В качестве фельдшера мы взяли еще одного молодого врача Шлейна. История его была такова. Он был с группой врачей в районном центре «Починка». (Здесь должно быть «Починке», поселок называется «Починок» [прим. ОИЯ]) Бургомистр Починок направил их в Смоленск с отношением в лагерь. В отношении говорилось, что в Починках очень нужны врачи, и он просит трех человек отпустить к нему обратно. Это отношение было у Шлейна, но, прибыв в лагерь, он передал его другому врачу, грузину, для предъявления в комендатуру лагеря. Этот грузин получил разрешение для возвращения в Починок трем врачам, и третьим вместо Шлейна взял фармацевта Какауридзе, после чего, не показываясь на глаза Шлейну, они ушли в Починок. К этому еще следует добавить, что это отношение бургомистра достал по своей инициативе Шлейн.

Нас выстроили и повели. Через полчаса мы уже входили на территорию южного отдельного лагеря, расположенного в разрушенном многоэтажном здании Смоленского мединститута при выходе из города на Рославском шоссе. В здании были обитаемы подвалы и несколько комнат первого этажа, бывшие уборные и умывальни в виду их сводчатых крепких, бетонированных перекрытий. В этих сырых уборных располагалась санчасть. В ней были следующие лица: 1) женщина-врач, молодая полная киевлянка, немного говорящая по-немецки. Она была хорошо знакома с немецким капитаном Шомбергом, который когда-то имел поместья в Золотоношенском уезде (около Киева). Шомберг хорошо говорил по-украински и обещал ее и ее мужа, тоже врача, на днях отправить в Киев; 2) ее муж, кадровый военный врач; 3) женщина-врач, пожилая, худая; 4) врач Алимов, оставшийся после отъезда киевлян старшим врачом лагеря; 5) фельдшер Новохацкий и т.д. – санинструктора и санитары.

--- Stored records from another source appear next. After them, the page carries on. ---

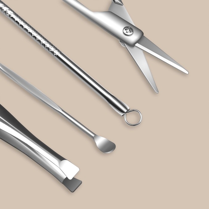 Книпсер, Косметологическая игла, Ножницы, Пилка, Пинцет, Пушер, Ухочистка, Шабер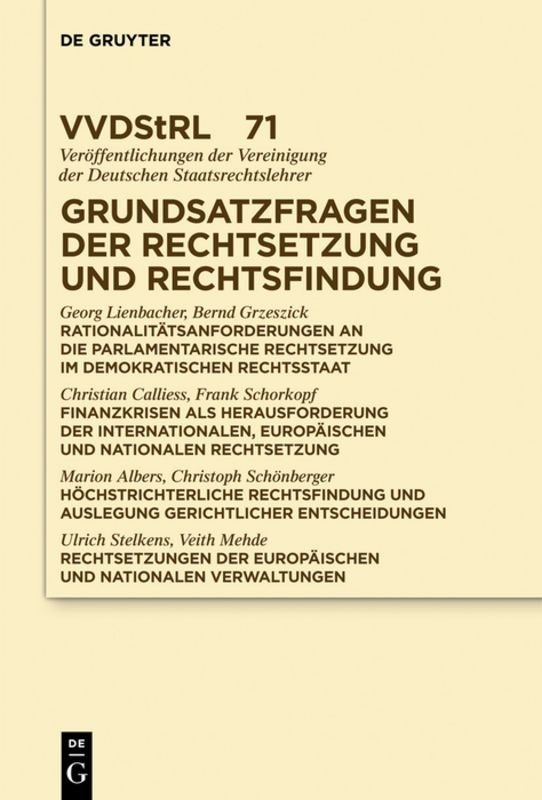 Grundsatzfragen der Rechtsetzung und Rechtsfindung: Referate und Diskussionen auf der Tagung der Vereinigung der Deutschen Staatsrechtslehrer in Münster vom 5. bis 8. Oktober 2011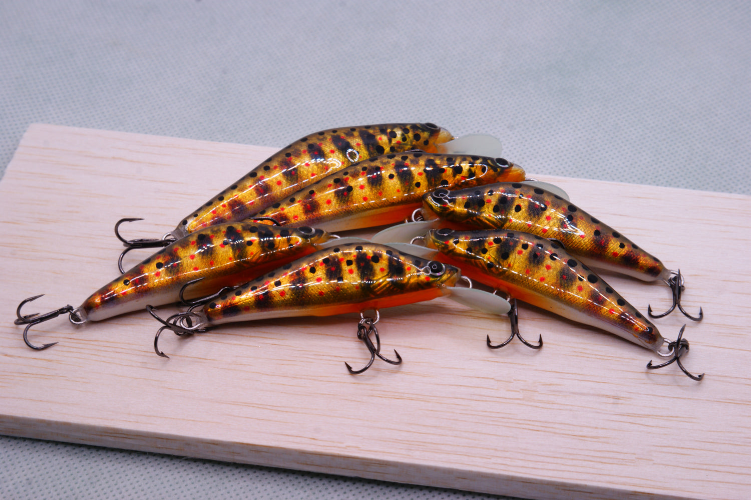 Trout minnow hand-made lure from balsa wood, surface aluminum foil, stainless thru wire construction, and super strong fiberboard lip.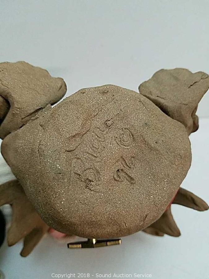 Has a chipped ear. Approx. 6" tall, 6" diameter.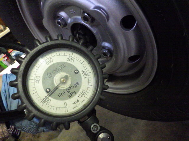 タイヤの空気圧はフロント220kpaリア200kpaで合わせておきました。

Алимов принял нас неприветливо и вечером отправил спать в маленькую комнатку с двухэтажными нарами. Сам же он с фельдшером Новохацким занимал отдельную комнату. Санитарам и без нас было тесно, но здесь пришлось еще более потесниться. Спать было очень душно, не хватало воздуха, спящие без стеснения портили воздух. Алимов относился к нам, вновь прибывшим, не по-товарищески, это сказывалось во всем. На медицинские темы он избегал говорить. Медицинской терминологии и рецептуры он почему-то не знал, и все касательно этих моментов, он передавал Новохацкому. Его функции были – распределение работ и санитарный порядок помещений и двора. Даже сухарями, бывшими в большом количестве в его распоряжении, он не делился с нами, а ел их сам с Новохацким все свободное время, размягчая их в чае. Печь топилась в его комнате целый день.

На вопрос, где он работал до войны, он рассказал мне, что был коммунальным санинспектором в Киевском районе Москвы. Однако он меня не знал, и я его также, хотя все коммунальные инспектора Москвы в целях повышения квалификации слушали у меня раздел гигиены, относящийся к метеорологическому фактору и профвредностям. Мне это показалось очень странным. Новохацкий как-то раз смеялся над ним и рассказал, что он не понимает, что значит слово «инъекция», и многого другого. Как может врач не знать того, что знают рядовые фельдшера и медсестры?

Условия существования главной массы военнопленных были кошмарными. В подвальном помещении, без света и вентиляции, были установлены жидкие нары в три этажа. Проход в эти помещения шел по узкому коридору с лужами от выступающей почвенной воды. В проходе стояли полицаи с дубинками, торопили при входе и при выходе и беспощадно били дубинками. Ночью они далеко не всегда разрешали выходить за совершением естественных надобностей. Утром свежему человеку, попавшему в этот подземный ад, перехватывало дыхание и казалось непонятным, как могут существовать люди в такой обстановке.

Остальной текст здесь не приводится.